_THE TASK_
Leaving every picture out, please return exactly the lines from the top of the material below through the line with "Logo ao chegar, a", both included.

-=-=-=-=-

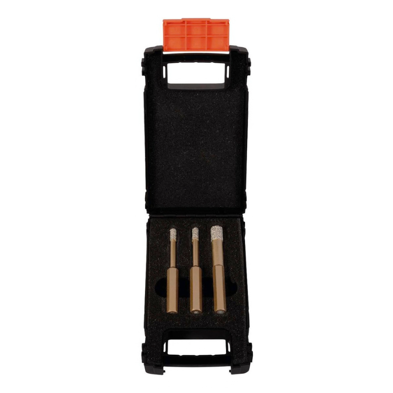 Zestaw diamentowych wierteł z woskiem, chwyt 6-kątny - 3 sztuki.
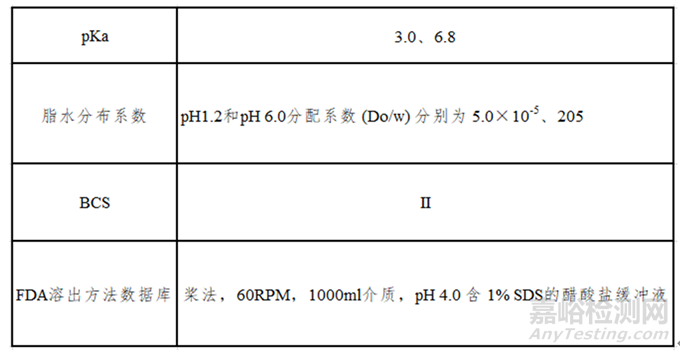 在開(kāi)發(fā)溶出方法之前,研究者須對(duì)藥品化合物的相關(guān)性質(zhì)進(jìn)行一定的了解。如其BCS分類、藥代動(dòng)力學(xué)特性、API的Pka值、lgP值、API在不同pH條件下的溶出度差異及穩(wěn)定性、API是否存在多晶型及不同晶型間的溶出度差異、溶出介質(zhì)的離子強(qiáng)度對(duì)API溶解度是否有影響等等,這些信息對(duì)后續(xù)溶出介質(zhì)的篩選具有指導(dǎo)性意義。
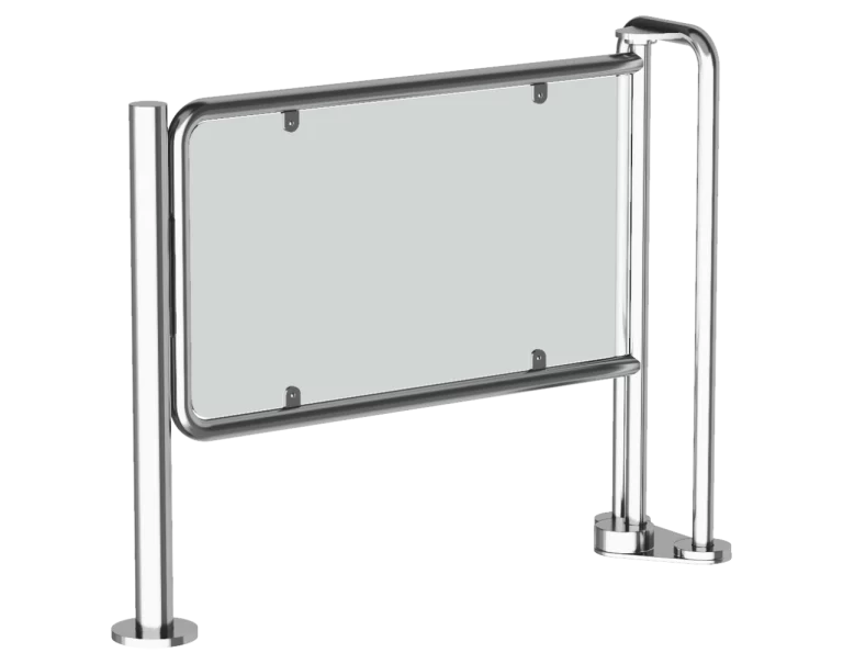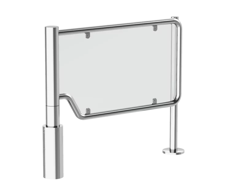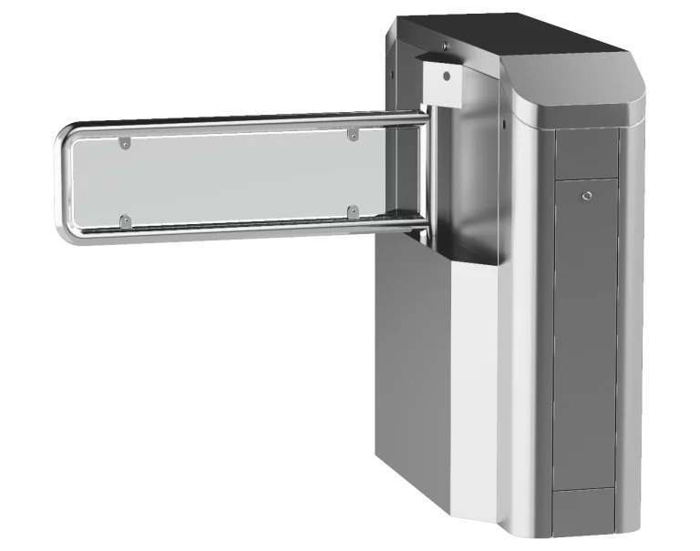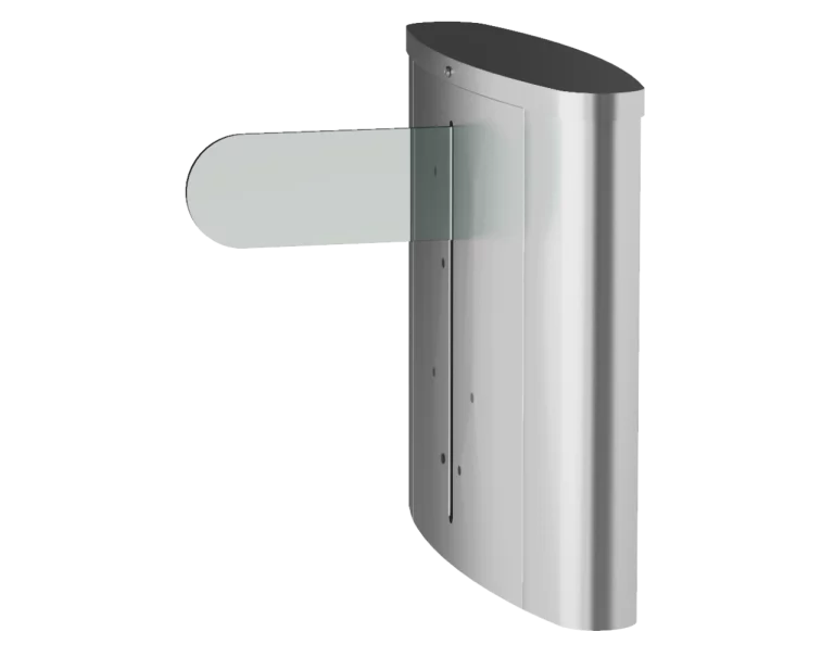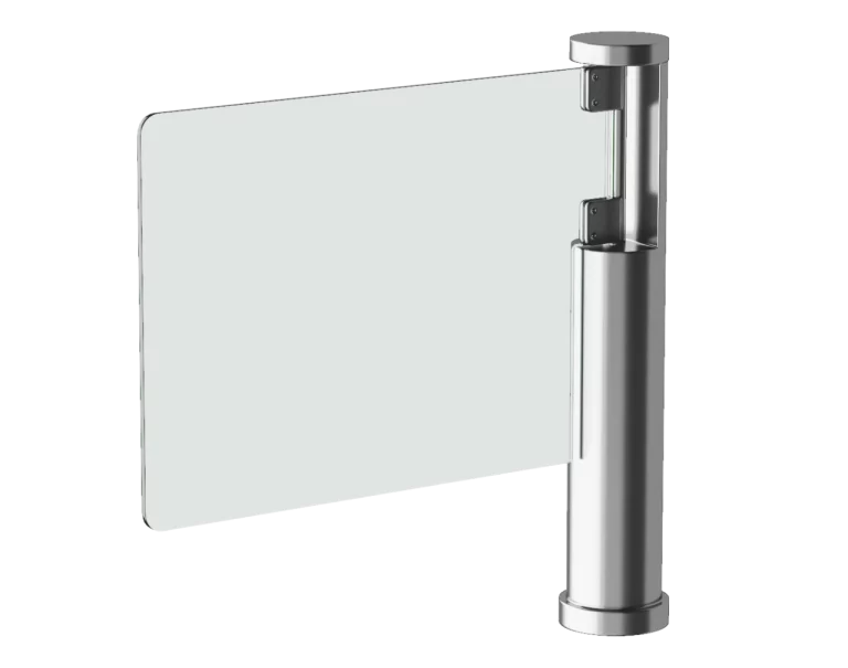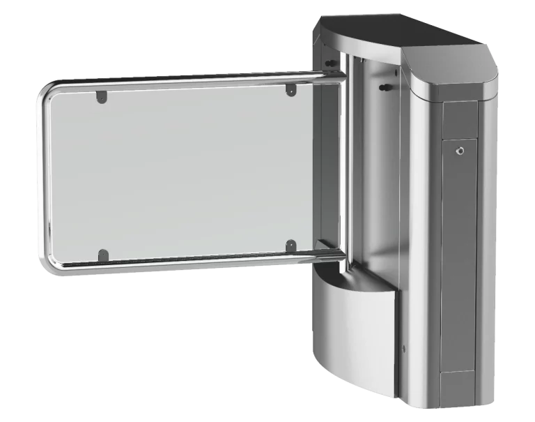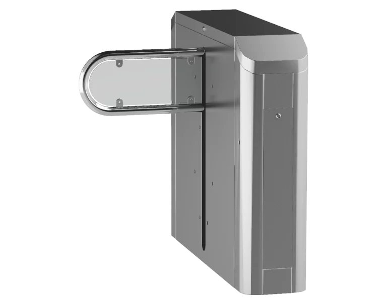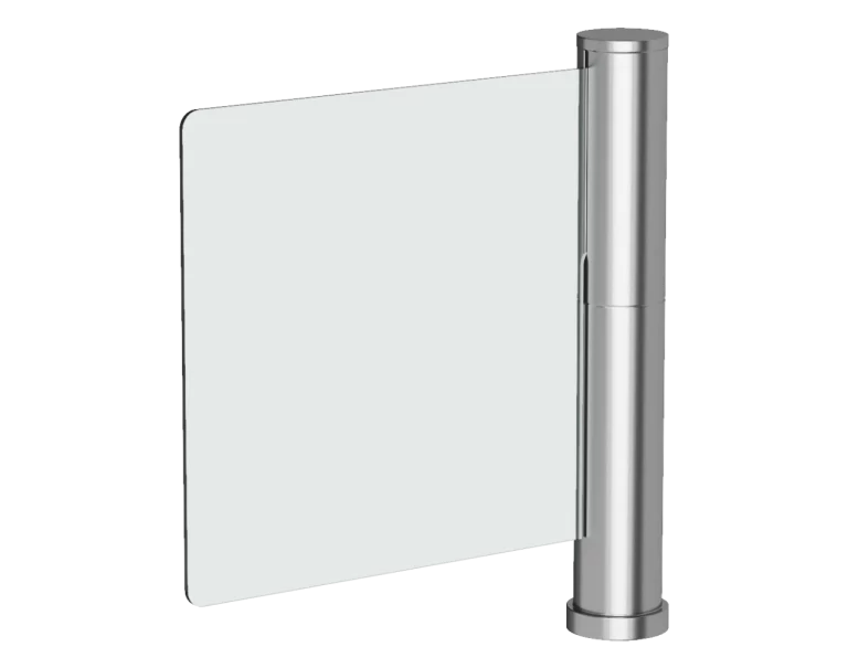 Half-height turnstile with motorized stainless steel rotating arm and 3 panels. Tempered glass panels.
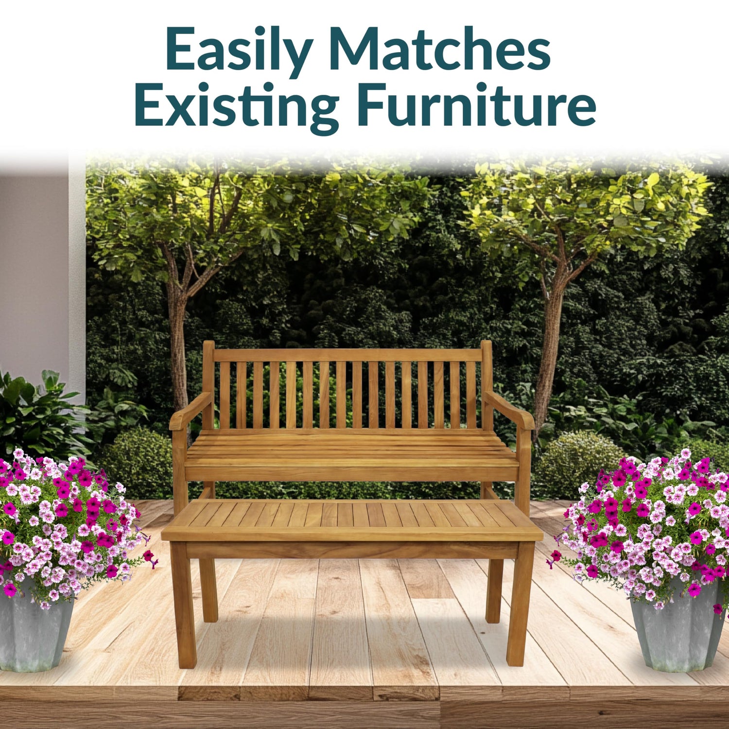 Sunnydaze 45-Inch Solid Teak Rectangular Outdoor Coffee Table - Patio Coffee Table for Outside - Light Brown Wood Stain Finish
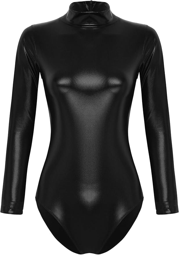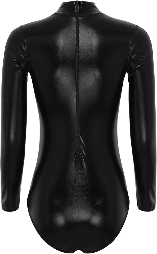 YiZYiF Womens Shiny Mock Neck Sleeveless Back Zipper Jumpsuit Gymnastic Leotard Lingerie Bodysuit
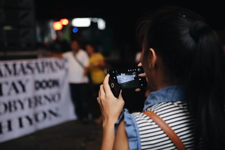 “There are performers here, too, who’ve started to cover songs by Kitchie Nadal and Up Dharma Down to keep the spirit of the rallyists up. They’re encouraging people to sing along with them,” she notes. Our correspondent predicts it’s going to get worse later in the day. We’ll keep you posted. In the mean time, scroll down to see more photos.
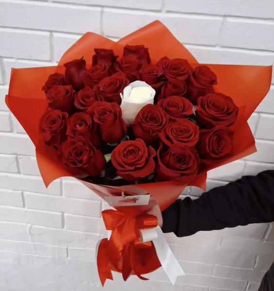 Такой букет выглядит эффектно и продуманно до мелочей: он передаёт историю, в которой есть место и страсти, и нежности. Стильная упаковка завершает композицию, придавая ей современный и торжественный вид, идеально подходящий для признания, юбилея или особенного события.
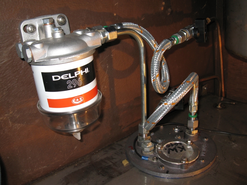 habe in den letzten tagen den tank ausgebaut und eine kontrollöffnung eingebaut. der tank passt durch die backskistenöffnung (ziemliche fummelarbeit), wenn alle drei befestigungslaschen und die entnahmeanschlüsse umgebogen werden. die große öffnung für den neuen vetus anschlusskit habe ich so ausgesägt, dass die alten entnahmeröhrchen wegfallen. den dieselpils am boden des tanks konnte ich durch die öffnung mit einer holzleiste und vielen lappen entfernen. in zukunft werde ich dem diesel immer grotamar beifügen, dass sowas nicht nochmal passiert. gleichzeitig habe ich einen neuen vorfilter mit wasserabscheider eingebaut. er darf nicht höher hängen, als der alte, da sonst die förderpumpe überfordert ist.
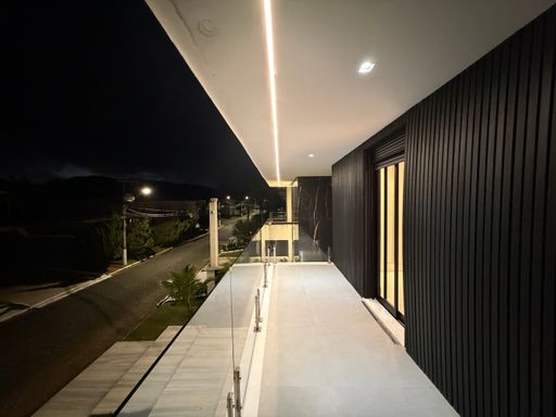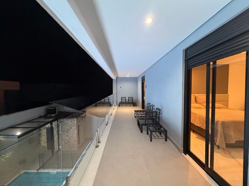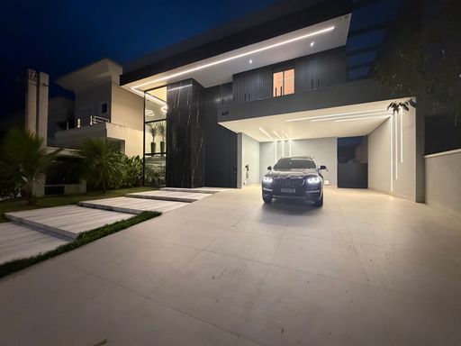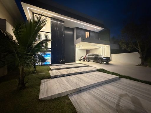Logo ao chegar, a residência já impressiona pela fachada moderna e imponente, com linhas arquitetônicas contemporâneas e iluminação cênica que valoriza cada detalhe do projeto.
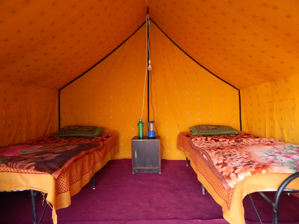 Camp site developed in 2 acres of land offering great place for nature lovers -Suited for off-roaders & adventure seekers as terrain test driving skills. People who are well versed in hilly area & offbeat terrains should opt for this -Away from city & peaceful for travelers looking for tranquility and solidarity. -Mobile networks- BSNL & Rel - No power backup -Sunrise and sunsets are beautiful -comfortable stay in dome tents with mattress & sleeping bags on twin sharing
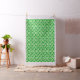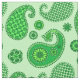 Fabric in an ornate paisley pattern in shades of chartreuse to deep emerald green on a pastel lime green background
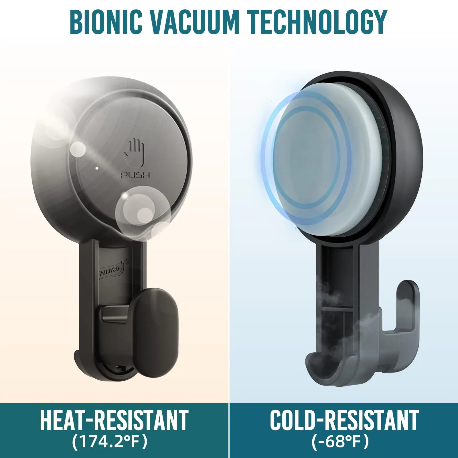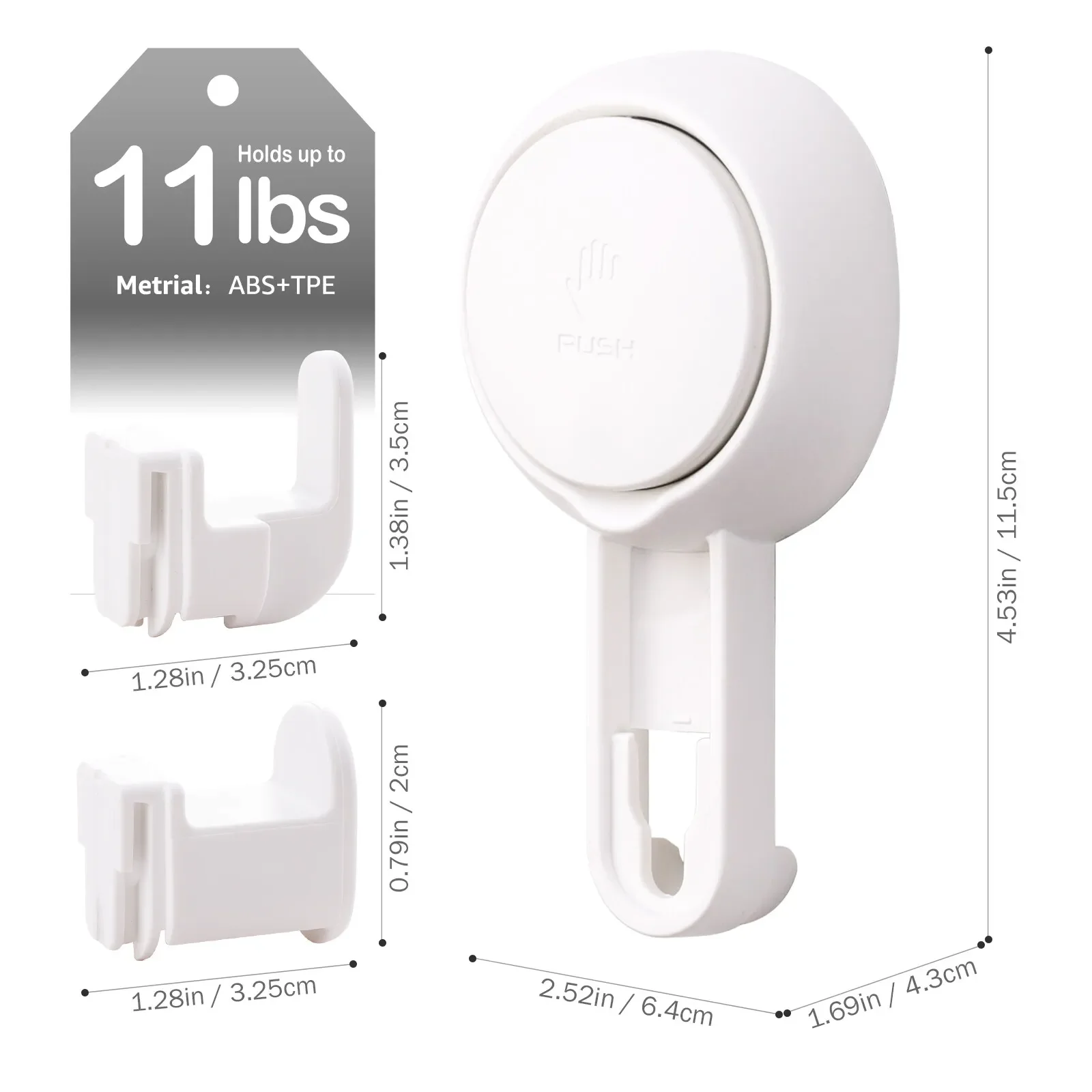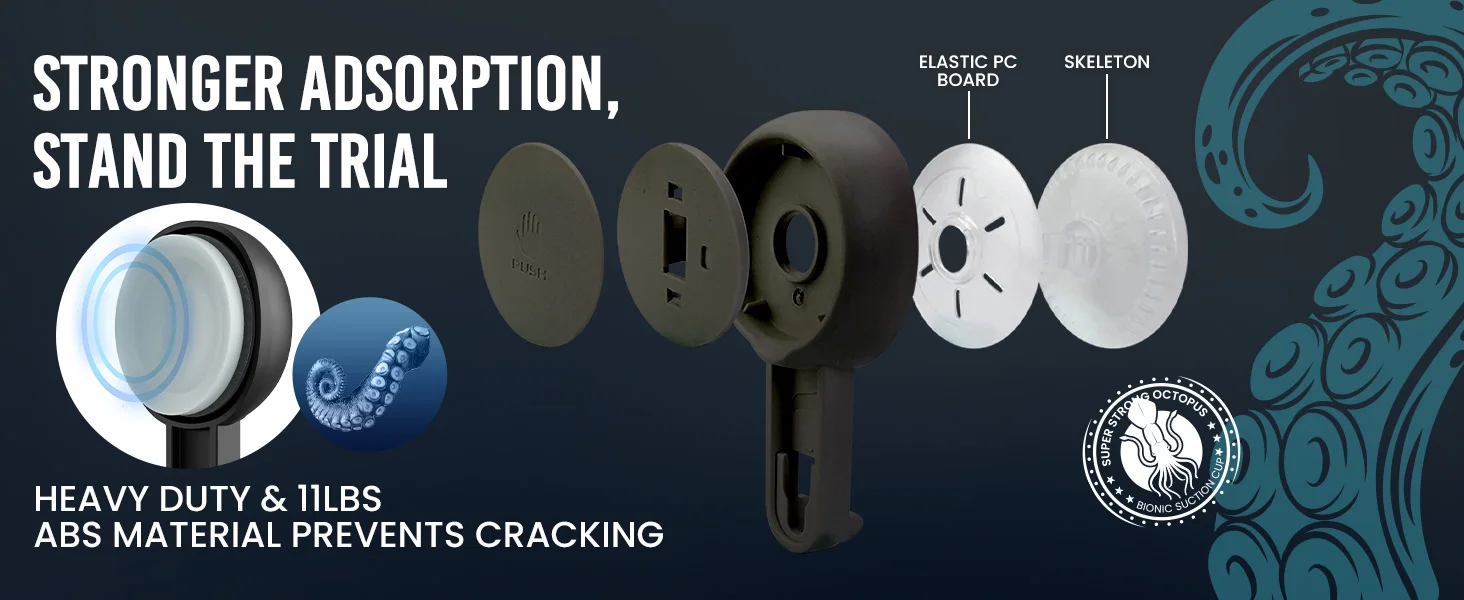 Powerful suction cup: Inspired by the tentacles of octopus, the shower holder suction cup applied the new bionic technology to ensure waterproof, oil-proof and anti-aging. The towel hook with thicken plastic suction can hold up to 11 lbs and stick sturdily for years, available to remove and reinstall it in a new surfaces
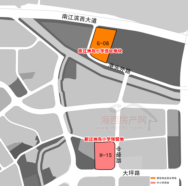 目前鉴于人口出生率不断下降,小学学位已呈下降趋势,经市里相关部门测算论证,过洲岛小学原用地周边的福州市朝阳小学、福州第十二中学小学部等学校目前学位可暂时满足片区需求;现经市里研究明确将过洲岛小学原规划预留教育用地转为商住综合用地,新过洲岛小学预留地调整至南侧大坪路旧厂房地块,办学规模保持不变。
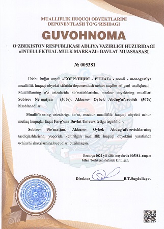 | 4718 | №005381 | Monografiya - «Коррупция - иллат» | Sobirov Ne‘matjan (50%), Akbarov Oybek Abdug‘afurovich (50%) | Farg‘ona Davlat Universiteti | 11/28/2022 | ![]() |

-=-=-=-=-

_WRITTEN ANSWER_
 Zestaw diamentowych wierteł z woskiem, chwyt 6-kątny - 3 sztuki.
 在開(kāi)發(fā)溶出方法之前,研究者須對(duì)藥品化合物的相關(guān)性質(zhì)進(jìn)行一定的了解。如其BCS分類、藥代動(dòng)力學(xué)特性、API的Pka值、lgP值、API在不同pH條件下的溶出度差異及穩(wěn)定性、API是否存在多晶型及不同晶型間的溶出度差異、溶出介質(zhì)的離子強(qiáng)度對(duì)API溶解度是否有影響等等,這些信息對(duì)后續(xù)溶出介質(zhì)的篩選具有指導(dǎo)性意義。
 Half-height turnstile with motorized stainless steel rotating arm and 3 panels. Tempered glass panels.
 Sunnydaze 45-Inch Solid Teak Rectangular Outdoor Coffee Table - Patio Coffee Table for Outside - Light Brown Wood Stain Finish
 YiZYiF Womens Shiny Mock Neck Sleeveless Back Zipper Jumpsuit Gymnastic Leotard Lingerie Bodysuit
 “There are performers here, too, who’ve started to cover songs by Kitchie Nadal and Up Dharma Down to keep the spirit of the rallyists up. They’re encouraging people to sing along with them,” she notes. Our correspondent predicts it’s going to get worse later in the day. We’ll keep you posted. In the mean time, scroll down to see more photos.
 Такой букет выглядит эффектно и продуманно до мелочей: он передаёт историю, в которой есть место и страсти, и нежности. Стильная упаковка завершает композицию, придавая ей современный и торжественный вид, идеально подходящий для признания, юбилея или особенного события.
 habe in den letzten tagen den tank ausgebaut und eine kontrollöffnung eingebaut. der tank passt durch die backskistenöffnung (ziemliche fummelarbeit), wenn alle drei befestigungslaschen und die entnahmeanschlüsse umgebogen werden. die große öffnung für den neuen vetus anschlusskit habe ich so ausgesägt, dass die alten entnahmeröhrchen wegfallen. den dieselpils am boden des tanks konnte ich durch die öffnung mit einer holzleiste und vielen lappen entfernen. in zukunft werde ich dem diesel immer grotamar beifügen, dass sowas nicht nochmal passiert. gleichzeitig habe ich einen neuen vorfilter mit wasserabscheider eingebaut. er darf nicht höher hängen, als der alte, da sonst die förderpumpe überfordert ist.
Logo ao chegar, a residência já impressiona pela fachada moderna e imponente, com linhas arquitetônicas contemporâneas e iluminação cênica que valoriza cada detalhe do projeto.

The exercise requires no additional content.